Missing Data Processing
In the initial sentiment score matrix, a significant proportion of missing values was observed, with some indicators exhibiting missing rates as high as 99% (
See Figure 5). Since PLS-SEM requires complete datasets for accurate model estimation, handling missing sentiment scores was a critical step before proceeding with structural modeling. Missing values in the sentiment score matrix primarily arose due to three reasons. First, some consumer reviews did not explicitly mention specific MCCP dimensions. For instance, a review may discuss design aesthetics and cultural attributes but not address price or functionality. In such cases, no sentiment score could be assigned to the unmentioned dimensions. Second, sentiment analysis tools occasionally fail to classify a sentiment score due to ambiguous phrasing or indirect expressions in consumer reviews. Thirdly, the selection of keywords, particularly those that barely met the minimum occurrence threshold (i.e., 10) in the dataset, also contributed to the issue of a high missing rate.
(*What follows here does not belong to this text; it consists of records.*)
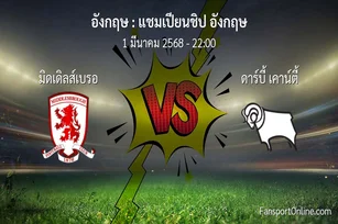 วิเคราะห์บอล แชมเปียนชิป อังกฤษ ระหว่าง มิดเดิลส์เบรอ พบ ดาร์บี้ เคาน์ตี้ (1 มีนาคม 2568)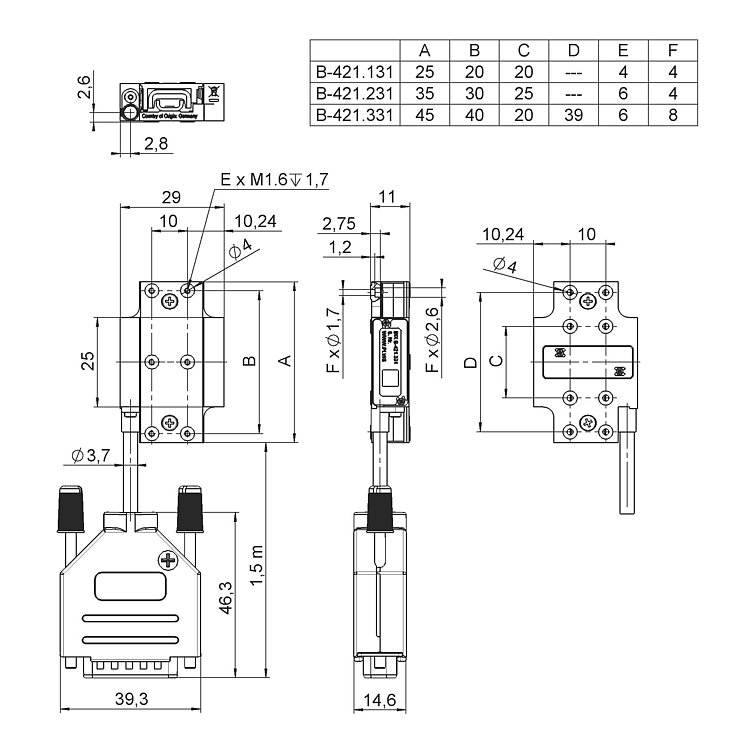 | Positioning | B-421.131 | B-421.231 | B-421.331 | Tolerance |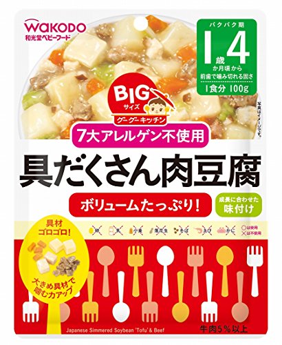 ●【商品説明】●「BIGサイズのグーグーキッチン 具だくさん肉豆腐 100g 1歳4ヶ月頃から」は、咀嚼を考えた「食べやすく」「噛みやすい」具材を使用したおかず(ベビーフード・7大アレルゲン不使用)です。●牛肉とかつおだしのうま味がしみ込んだ豆腐を、やさしい和風味に仕上げました。●国産野菜100%の具材を使用しています。●着色料・保存料・香料は使用しておりません。●牛肉5%以上。●1食分。●1歳4ヶ月頃から(前歯で噛み切れる固さ)。●【原材料に含まれるアレルギー物質】●卵、乳、小麦、落花生、そば、えび、かにの7大アレルゲン不使用。●※本品中のしょうゆは小麦を使用していません。●【お召し上がり方】●調理済みですので、そのまま召し上がれます。●温めますといっそうおいしく召し上がれます。●お湯で温める場合:袋の封を切らずにお湯の中に1-2分つけて温めてください。●袋の穴に、はしなどを差し込んで取り出します。●切り口から封をあけ、器などに移し、軽くかき混ぜてからお召し上がりください。●※火にかけて沸騰させたまま温めないでください。●電子レンジで温める場合:中...

To effectively address this issue, a keyword aggregation approach was implemented. Instead of treating each keyword as an independent metric, the 152 identified keywords (Column 3 in
Table 6) were grouped under their respective indicators (Column 2 in
Table 6), with their sentiment occurrences summed to generate aggregated indicator scores. This aggregation allowed missing values at the keyword level to be absorbed within the broader indicator-level structure, thereby reducing data missingness (black line in
Figure 5) and streamlining the complexity of the PLS-SEM model.
To systematically address missing values, KNN imputation was applied. While the 20% missing data threshold is commonly used in structured survey data, it is less applicable to consumer reviews, where missing sentiment scores arise from content-driven omissions rather than data errors. Strictly following the 20% rule would lead to excessive data loss, excluding valuable insights. Although studies suggest KNN can handle up to 90% missingness (Marchang & Tripathi, 2021), such high thresholds increase uncertainty. To strike a balance, this study adopts a 50% threshold, ensuring enough observed sentiment scores for reliable imputation while avoiding excessive reliance on estimated values. Thus, before applying KNN, cases with excessive missing values (a missing rate of more than 51%) were removed from the dataset. After this process, 523 entries remain, and the average missing rate falls from 76.04% to 46.49%.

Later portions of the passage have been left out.